AaronBallman wrote:

> Interesting, though reading through that I didn't see any mentions of 
> implicit casts. It's simply stating that they can do casting if the target 
> lists them as a subset.

That matches my understanding -- implicit or explicit casts require a subset 
relationship, as best I understand.

> Also it's worth noting that in the documentation it has stuff like __X char 
> x, y, z which is a warning in clang due to how type level attributes work 
> https://godbolt.org/z/Pfv36nEdq.

This is because the TR was written before we had attributes. AIUI, the TR is 
written with the idea that address spaces are specified via qualifiers (so more 
like `__global__`, for example). But the important bit is that the address 
space is a property of the type (and for `[[]]` attributes, there's specific 
syntactic requirements for where the attribute has to be written to apply to 
the type).

> Maybe someone who reads better standardese than me can help with this.

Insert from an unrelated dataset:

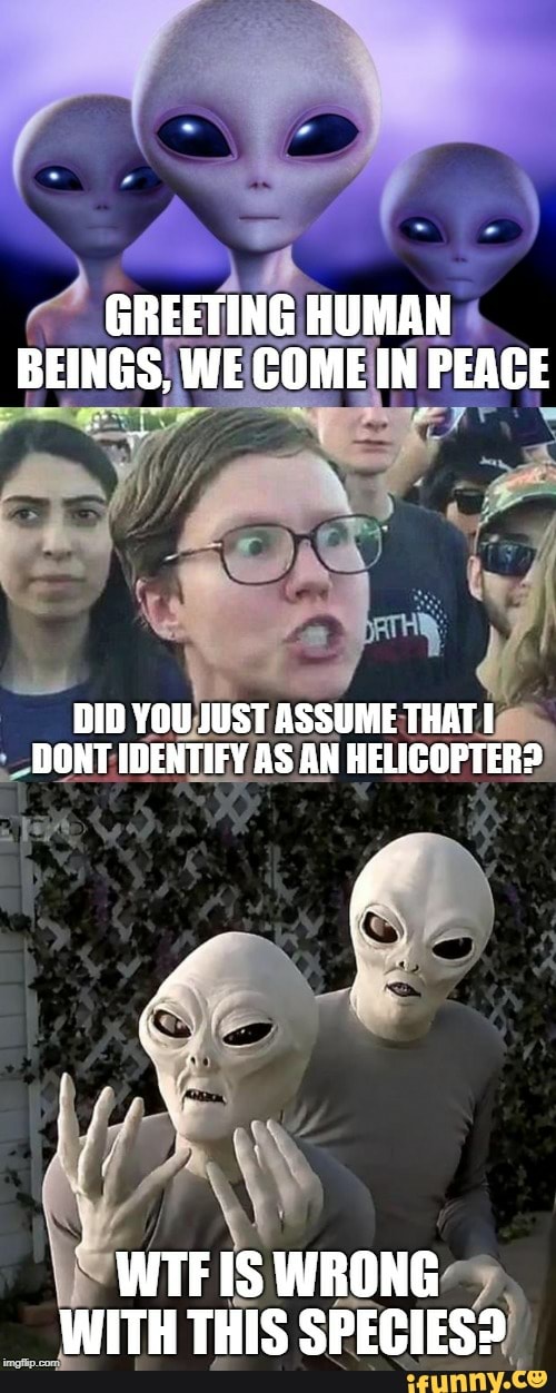 Greeting Human Beings We Come In Peace Did You Just Assume That Dont Identify As An Helicopter Wtfis Wrong With This Species Ifunny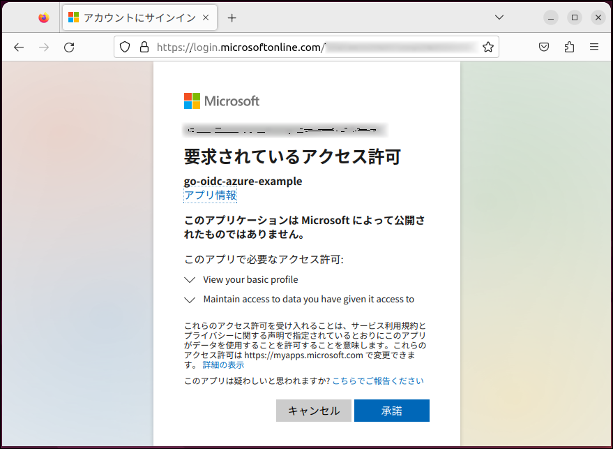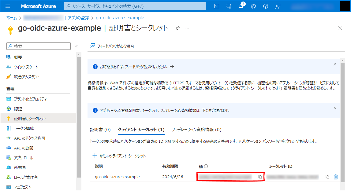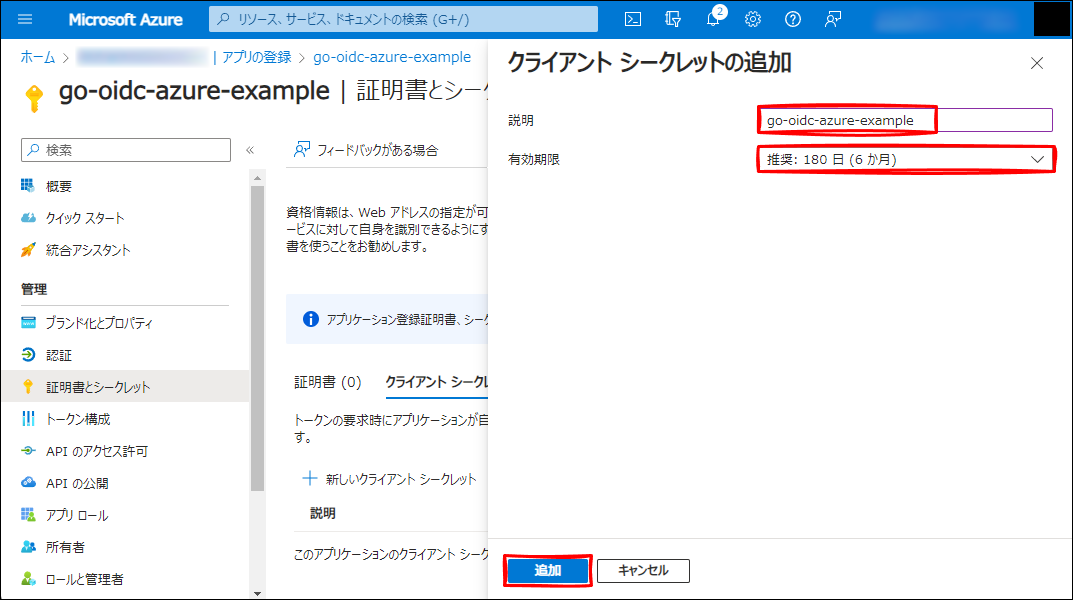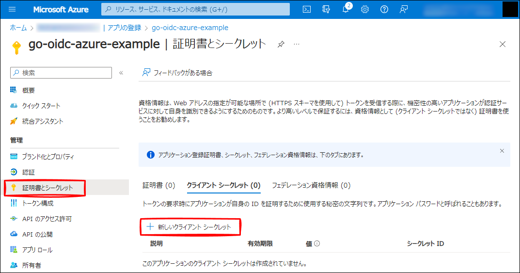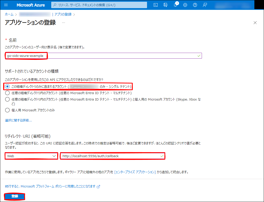 名前: go-oidc-azure-example(任意です。)

My 
> ultimate goal is to make this legal when targeting NVPTX or AMDGPU, which is 
> easily done by stating that DefaultAS is a superset of these other AS's. Let 
> me know if making this target dependent is a good idea.
> ```
> void *foo(void [[clang::addrspace(3) *p) { return p; }
> ```

Making sure I understand your example, you want a pointer in the generic 
address space to an object in address space three? As opposed to `void * 
[[clang::address_space(3)]] p` which would be a pointer in address space three 
to an object in the generic address space?